# Brompton bottom bracket replacement



## simon.r (25 Jul 2017)

i've just got around to removing and greasing the BB on my few hundred miles old Brompton. It's a FAG with plastic cups - the fixed cup side of which I've sheared off the outer portion:







This doesn't affect the function, but I suspect it will be a hacksaw and hammer job to remove the remains of the cup when the time comes. 

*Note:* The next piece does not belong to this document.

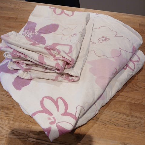 Har klart det kunststykke å kjøpe 2 sett med feil størrelse. NB, Dette er dynetrekk str dobbeldyne. La ikke merke til det før etter de var ferdig vasket i vaskemaskinen. De er ikke brukt, kun vasket . Kr 250 pr. sett. Nypris 699,-

I believe it's a 68 x 119mm JIS taper. 

Any recommendations for a replacement - something with aluminium cups would be nice!


----------



## simon.r (25 Jul 2017)

Ah, just found this old thread:

https://www.cyclechat.net/threads/w...m-bracket-on-a-new-ish-brompton.207170/page-2

Looks like a good old Shimano UN55 is the answer. Unless anyone knows better?


----------



## GrumpyGregry (25 Jul 2017)

I was about to post "Ask Adrian"


----------



## Kell (25 Jul 2017)

I stuck a UN55 in mine. 

Couldn't for the life of me tell you the dimensions off hand though.


----------



## Kell (25 Jul 2017)

And I've just realised that the link in this thread was to my thread back when I did it...


----------



## Kell (25 Jul 2017)

And I've just realised that the link in this thread was to my thread back when I did it...


----------



## Kell (25 Jul 2017)

And I've just realised that the link in this thread was to my thread back when I did it...


----------



## chriscross1966 (26 Jul 2017)

I favour going through the rather long-winded process to get external cups on, I've got a Shimano Alfine on one of my Bromptons, Campag ultrartorque on two of the others and the new one is getting a Chris King 24 to take an FSA crank...


----------



## Cadzow (5 Aug 2017)

A UN55 should fit but it needs to be longer than an 118 length BB. A JIS crank on an ISO spindle will go too far onto the spindle so it is best to add on about 4 mm to the spindle length. I've ordered a 122.5 UN55 BB and that should fit okay.


----------



## simon.r (6 Aug 2017)

Cadzow said:


> A UN55 should fit but it needs to be longer than an 118 length BB. A JIS crank on an ISO spindle will go too far onto the spindle so it is best to add on about 4 mm to the spindle length. I've ordered a 122.5 UN55 BB and that should fit okay.



The 118mm UN55 fits fine, no problem with the standard cranks.


----------